James Russell Lowell
James Russell Lowell was an American poet of the Romantic Movement, and is counted among the Fireside Poets. In this letter dated June 1, 1891, Lowell discusses gout with an acquaintance called Judge Hoar. Lowell references the scholar Robert Burton, and discusses his own sickness before signing off.
1st June, 1891
I missed you & marveled & am grieved to hear that you had so painful a reason for not coming. I trust you are more than convalescent by this time, & there is nothing pleasanter to look back upon than the gout – unless it be a prison. Even in the very phrenzy of its attack even I have found topics of consolatory reflection. Is it podagra? I think how much better off I am than the poor centipedes must be. Is it chiragra? I imagine Briareus roaring.
Judge Hoar. I call my gout
the unearned increment from my good grandfather’s Madeira & think how excellent it must have been & sip it cool from the bin of fancy, & wish he had left me the cause instead of the effect. I dare say he would, had he known I was coming & was to be so unreasonable.
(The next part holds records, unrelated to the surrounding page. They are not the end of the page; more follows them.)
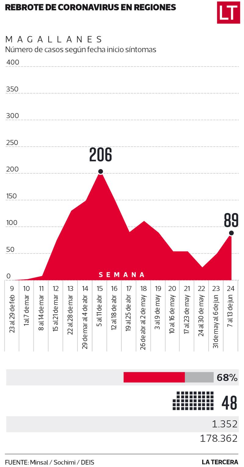 Un brote de Covid-19 en una planta pesquera volvió a disparar los casos de coronavirus en Punta Arenas. La ciudad, que pasó por una primera ola de contagios en abril, tuvo una cuarentena que duró cinco semanas. Sin embargo, hoy la situación es otra. “Estamos muy preocupados. Lo dijimos cuando se levantó la cuarentena, que no había espacio para un relajamiento”, dice el alcalde de Punta Arenas, Claudio Radonich. Los datos muestran que la cifra bajó a 24 contagios a fin de mayo, pero ahora subió y está en 89 personas infectadas.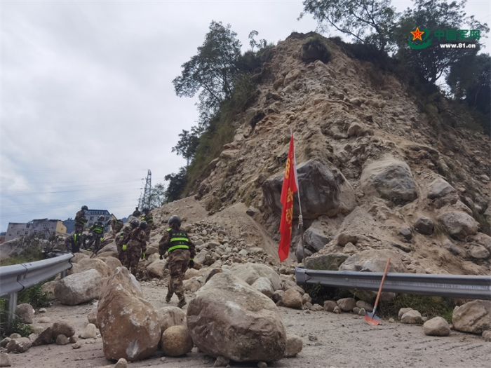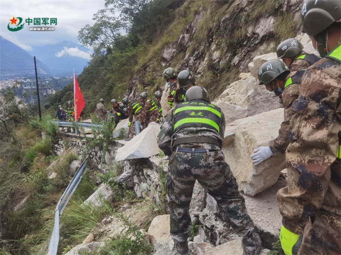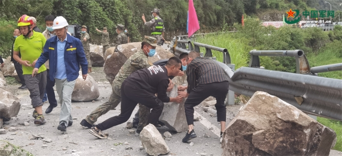 9月5日,甘孜軍分區(qū)先遣組趕赴震中磨西鎮(zhèn)途中,疏通背滾石堵塞的道路。程慶 攝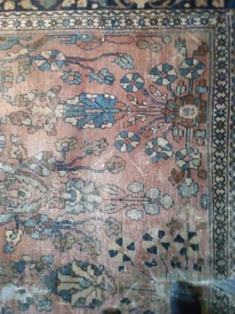 Has many rips and tears but looks great when another rug or sheepskin, cowskin, cowhide, cow hide is layered on top of it. Beautiful colors including blue, rust, green, yellow.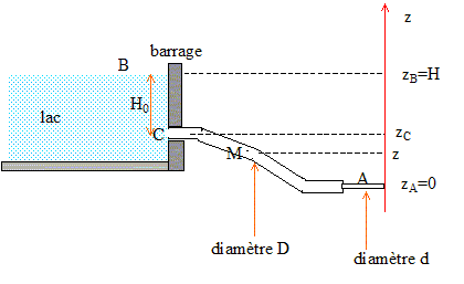 Le niveau du lac est pratiquement constant ; la vitesse de l'eau en B est pratiquement nulle. Notations : p0 : pression atmosphérique ; r : masse volumique de l'eau. Expression de la vitesse de l'eau en A : Relation de Bernoulli : p/r + gz + ½v² = constante. g représente la valeur du champ de pesanteur terrestre. Cette relation peut être applicable à tout le fluide si : le fluide est incompressible (r constant), "parfait" ( viscosité nulle), en régime permanent et sans transfert de chaleur. Appliquer cette relation entre A et B : état A : pression p0 ( à la sortie du petit tube, l'eau est en contact avec l'air ); altitude nulle, vitesse vA. état B : pression p0 ; altitude H, vitesse nulle. d'où p0 /r +gH +0 = p0 /r + 0 + ½v²A ; vA = (2gH)½. vitesse et pression en M : le débit volumique est constant : débit ( m3/s) = section (m2) * vitesse m/s) pD²/4 vM = pd²/4 vA ; D² vM = d² vA ; vM =(d/D)2vA. Appliquer la relation de Bernoulli entre B et M : état M : pression pM ; altitude z, vitesse vM. état B : pression p0 ; altitude H, vitesse nulle. d'où p0 /r +gH +0 = pM /r +gz + ½v²M . p0 +gHr = pM +gz r + ½rv²M . pM = p0 +g(H-z)r- ½rv²M ; pM = p0 +g(H-z)r- ½r(d/D)4v²A. pression en C : altitude du point C : zC= H-H0 ; d'où H-zC= H0 ; pC = p0 +gH0r- ½r(d/D)4v²A. Or H0 < H-z en conséquence pC < pM valeur minimale de d telle que la pression dans la conduite soit toujours supérieure à une valeur pmini : La pression est la plus faible en C d'où : pmini > p0 +gH0r- ½r(d/D)4v²A. pmini - p0 > gH0r- ½r(d/D)4v²A avec v²A = 2gH pmini - p0 > gH0r- rgH(d/D)4 ; (pmini - p0) / (rgH ) >H0 / H - (d/D)4 ; (d/D)4 > H0 / H + (pmini - p0) / (rgH ) d > D[H0 / H + (pmini - p0) / (rgH )]1/4.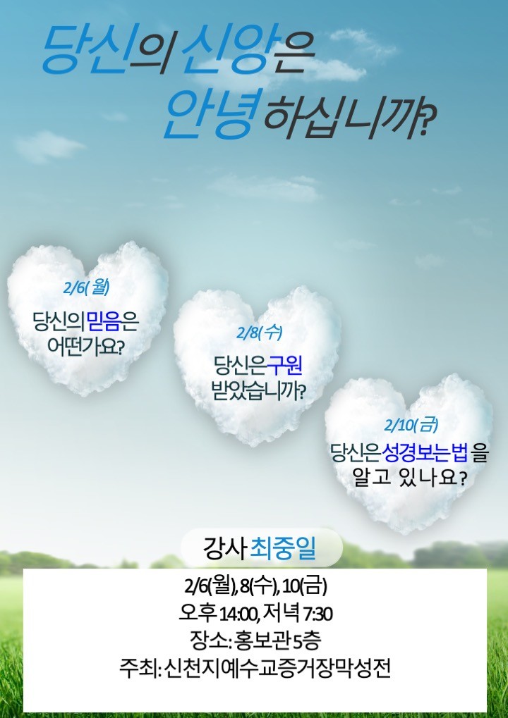 세미나는 6일(월) ‘당신의 믿음은 어떤가요?’, 8일(수) ‘당신은 구원받았습니까?’, 10일(금) ‘당신은 성경보는 법을 알고 있나요?’ 등의 주제로 진행해 궁극적인 신앙의 본질을 찾아가는 계기를 마련한다.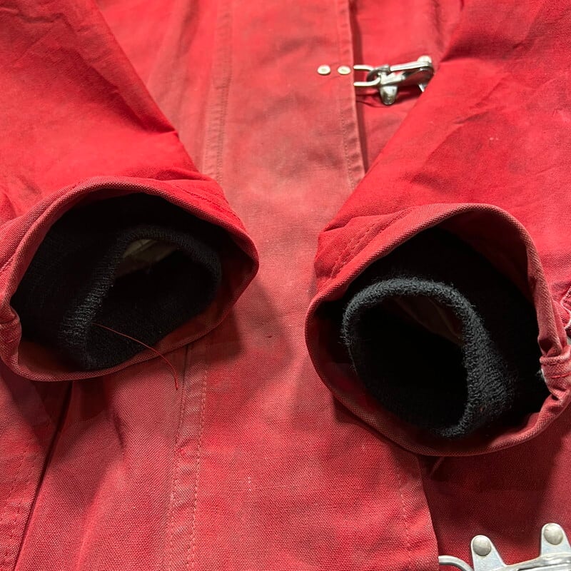 40's~ Morning Pride FIRE SUITS モーニングプライド ファイヤーマンコート バンカーコート ライナー付き アンカーマークフック キャンバス ダック レアカラー 赤×黒 サイズ46 希少 ヴィンテージ BA-2409 RM2828H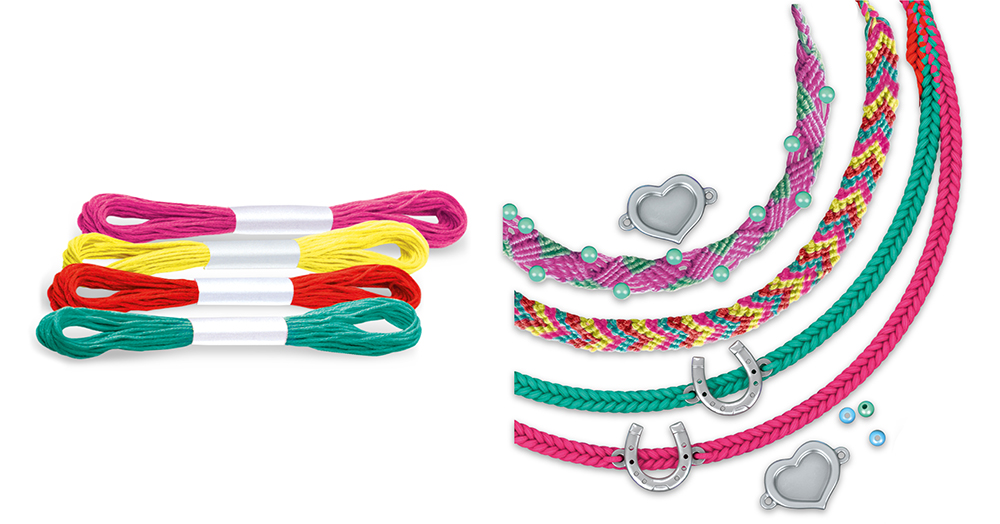 Mit diesem Komplett-Set könnt ihr die original Horse Club-Freundschaftsbänder für euch und eure besten Freundinnen knüpfen. Mit bunten Perlen und Anhängern werden daraus ganz leicht echte Schmuckstücke.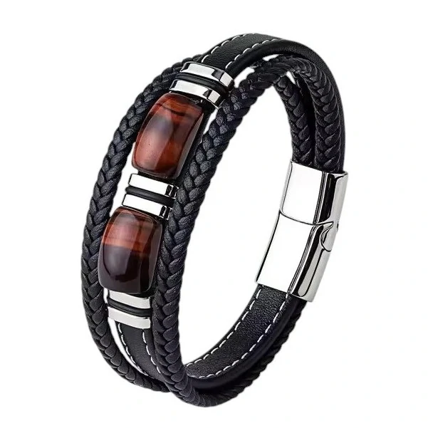 Náramek je tvořený třemi díly kvalitní kůže černé barvy. Postranní díly jsou pletené a prostřední hladký s kameny tygřího oka. Zapínání je magnetické, otevírá se do strany. Zámek je vyrobený z nerezové oceli. Náramek je vhodný do společnosti i neformální příležitosti, je elegantní a zároveň decentní. Délka náramku činí 19 až 23 cm, dle zvolené varianty. Pokud si nejste jistí velikostí náramku, podívejte se na stránku Jak vybrat velikost.
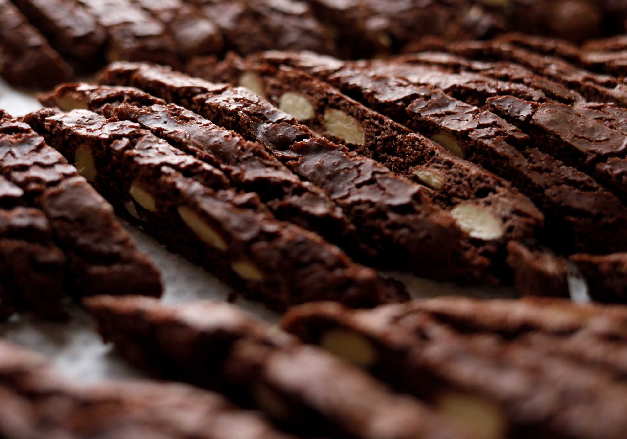 This pastry tastes of chocolate and sweet almonds through and through. Delicately tart and crispy to the bite.

My neighbor Mr. Warner came in last evening & tells me the doctor’s presume it to be inflammatory rheumatism. But from his account of it I am sure it was acute gout. Experto Crede Roberto, as our old friend Democritus Junior used to say. Three more than intolerable days & then a gradual relaxation of the vise, one turn at a time, but each a foretaste of Elysium – that’s gout & nothing else. Our doctors don’t
know gout. Dr. Wynean told me he had never seen a case till he saw mine, & yesterday a old doctor from Boston whom he had called in consultation over me, said that he had never met with a case. That seems to me an odd bit of statistics, for in my youth nearly all respectable old gentlemen had it. Don’t think because I have had a consultation over me that I am worse. I have, to be sure, been very weak lately & scant o’ breath, but for a day or two I have felt lighter in the spirit & in the flesh too.
Sleeplessness has been my bother owing to a nervous cough which lies in ambush till I go to bed & then barriers me without ceasing. The mere bodily weariness of it is such that I get up more tired than I went to bed. I am now fighting it with opium,
& if I can once break up its automatic action/for such it has become/ I shall begin to gain at once, I think. Then perhaps I shall be able to get up to Concord which would do me good in more ways than one.
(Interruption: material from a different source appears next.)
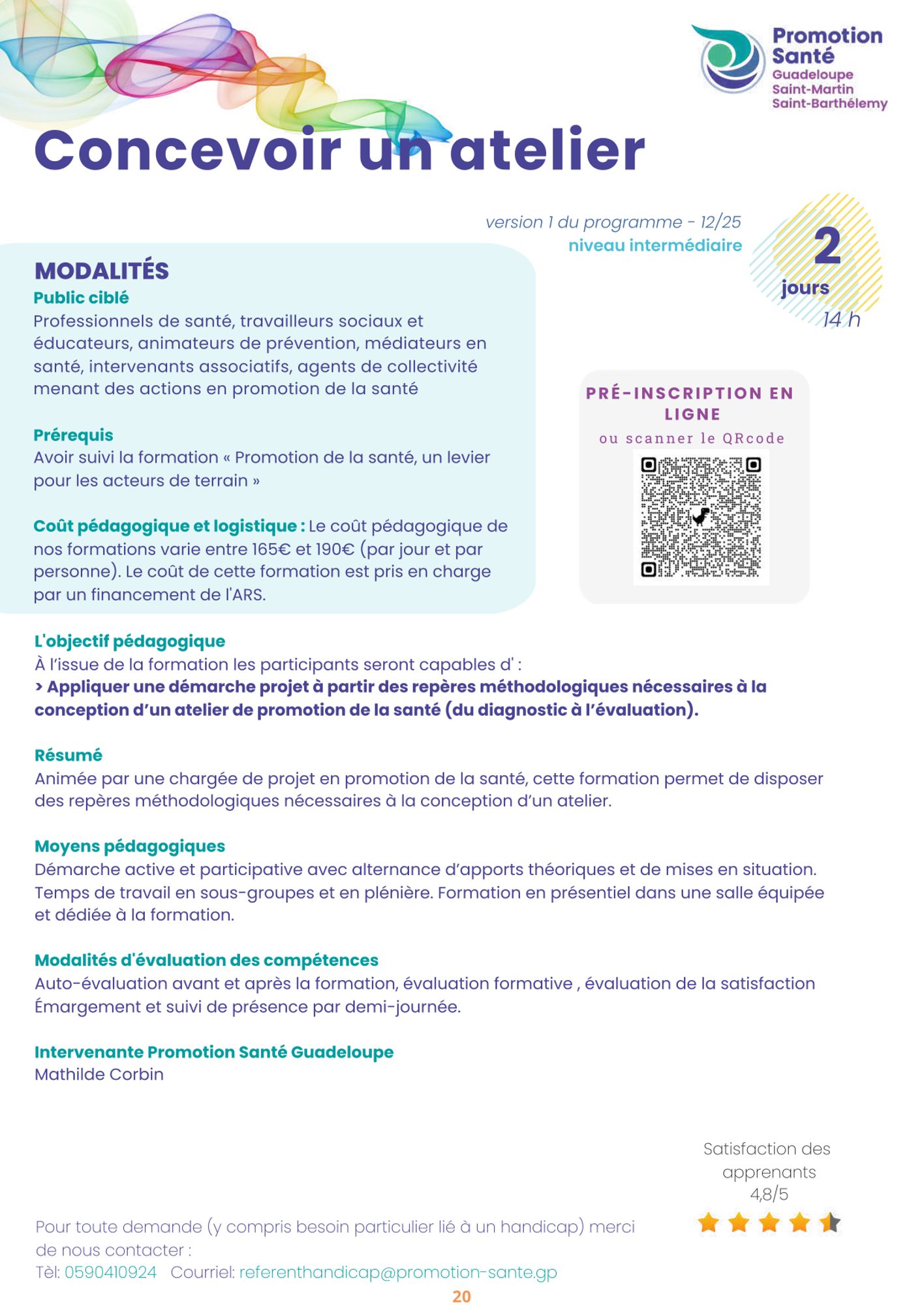 Pour toute spécificité personnelle liée à un handicap ou à un besoin particulier, veuillez vous préinscrire à la formation puis envoyer un mail à referenthandicap@promotion-sante.gp au minimum 3 semaines avant la formation intégrant :

Day before yesterday I should not have had vital energy enough to write all this, nor resolution enough to write even a notelet, for which I thank God, though perhaps you mayn’t. Convalescence is an admirable time for brooding over [mars'] nest & I hope you may hatch an egg or two! Several handsome chicks of whimsy have chipped the shell under me.
Goodbye & God bless you! Make the first use of your feet in coming to see me.